■ The data ■

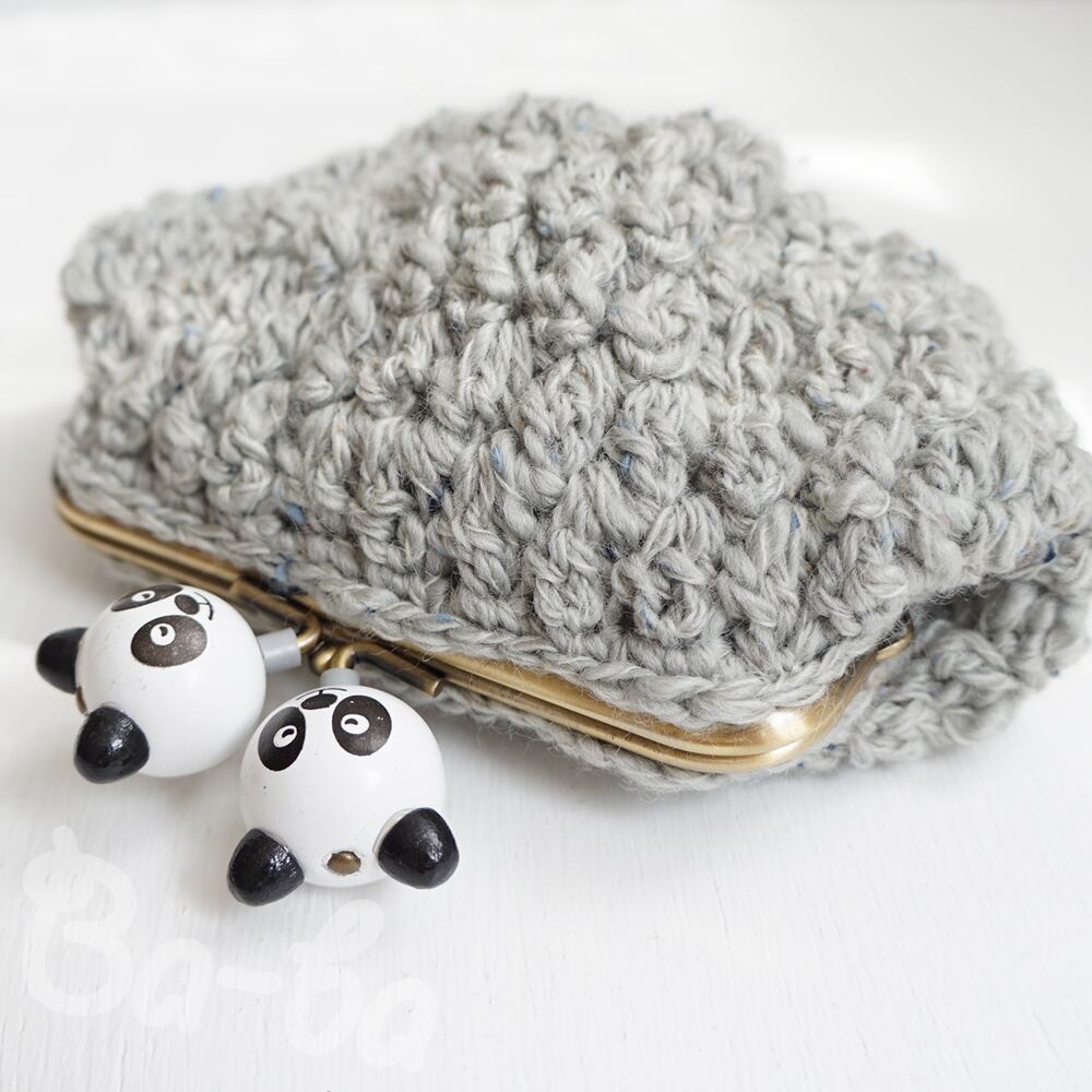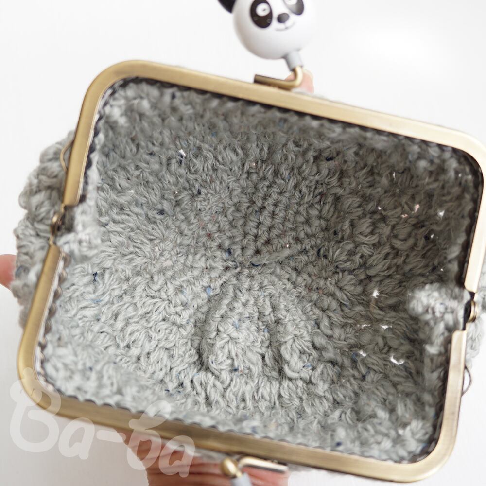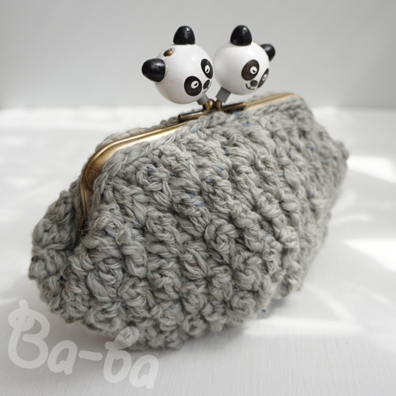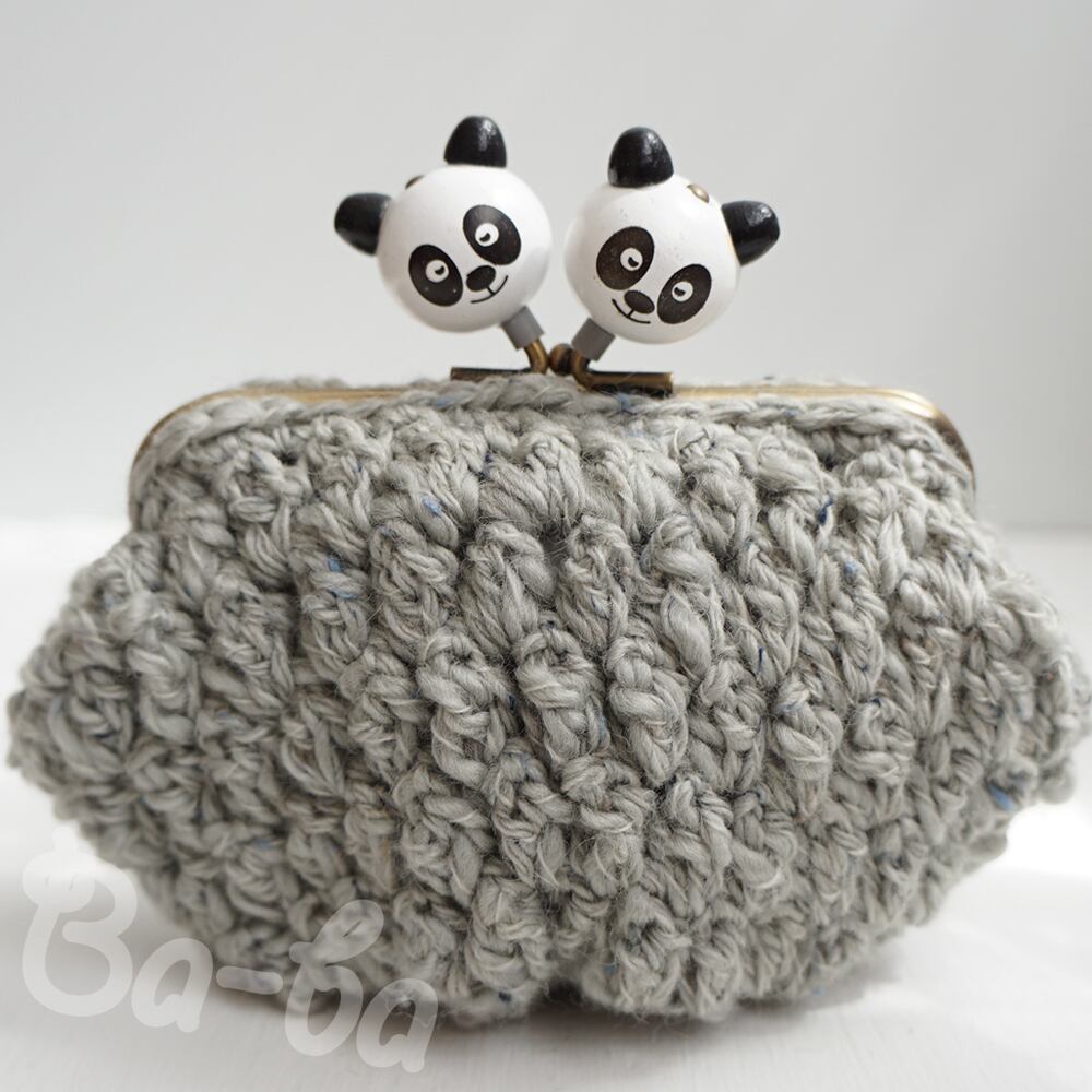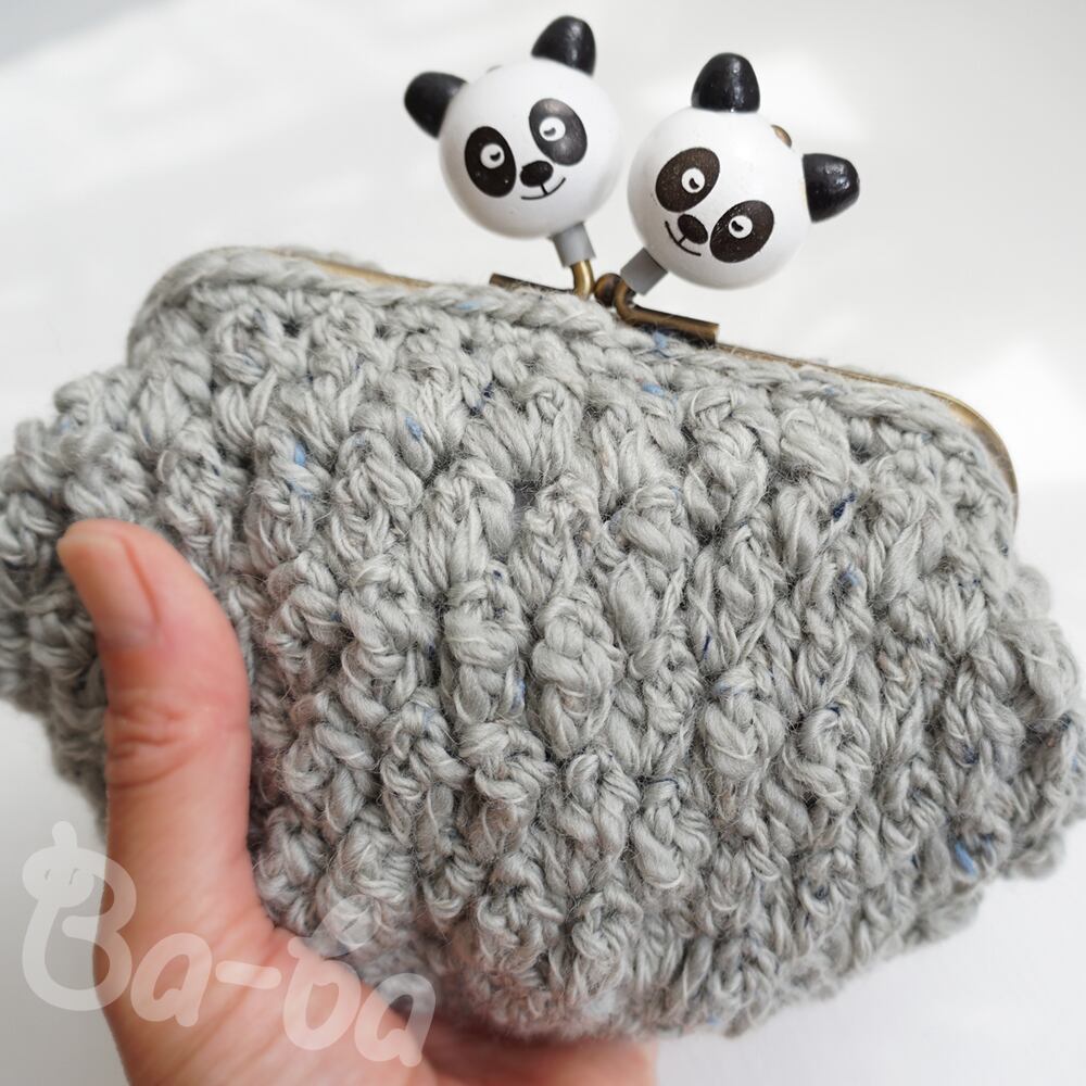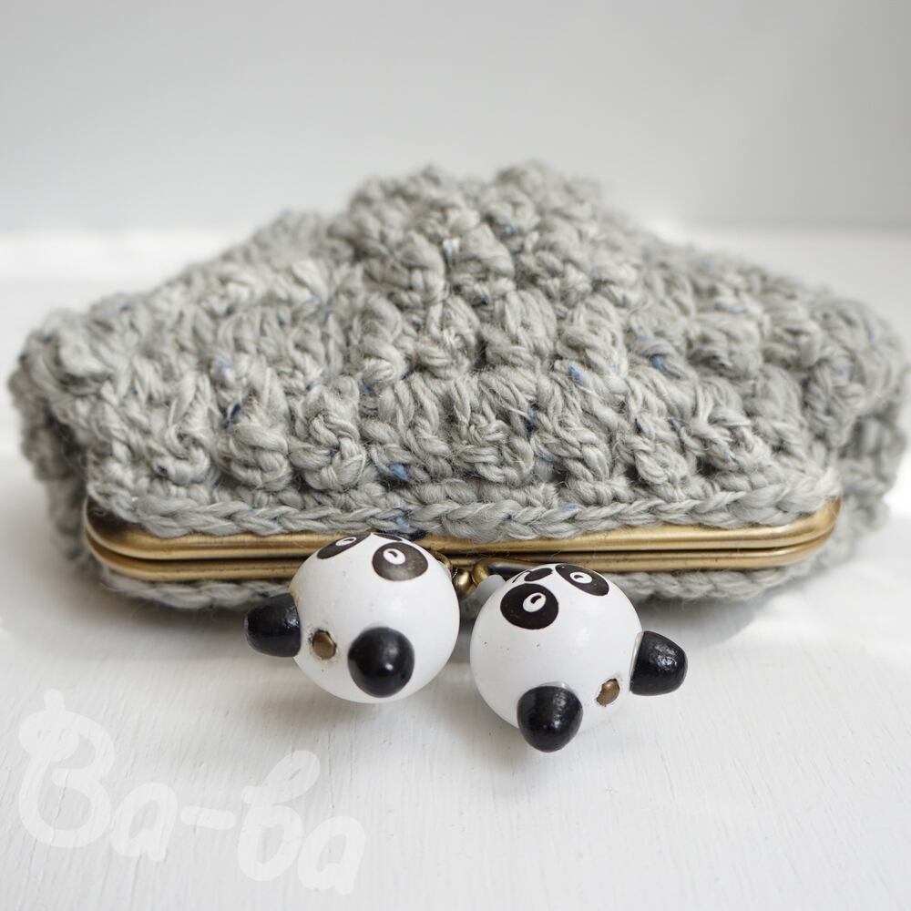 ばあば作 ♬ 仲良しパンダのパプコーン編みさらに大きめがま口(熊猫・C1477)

---

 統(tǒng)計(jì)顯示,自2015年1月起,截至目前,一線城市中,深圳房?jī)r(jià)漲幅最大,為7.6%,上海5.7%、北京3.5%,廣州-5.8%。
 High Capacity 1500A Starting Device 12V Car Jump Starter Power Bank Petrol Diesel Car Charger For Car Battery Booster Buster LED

■ What to produce ■
Your reply is to repeat, unchanged, the lines above running from the one with "統(tǒng)計(jì)顯示" up to and including the one with "High Capacity 1500A".

■ Output ■
 統(tǒng)計(jì)顯示,自2015年1月起,截至目前,一線城市中,深圳房?jī)r(jià)漲幅最大,為7.6%,上海5.7%、北京3.5%,廣州-5.8%。
 High Capacity 1500A Starting Device 12V Car Jump Starter Power Bank Petrol Diesel Car Charger For Car Battery Booster Buster LED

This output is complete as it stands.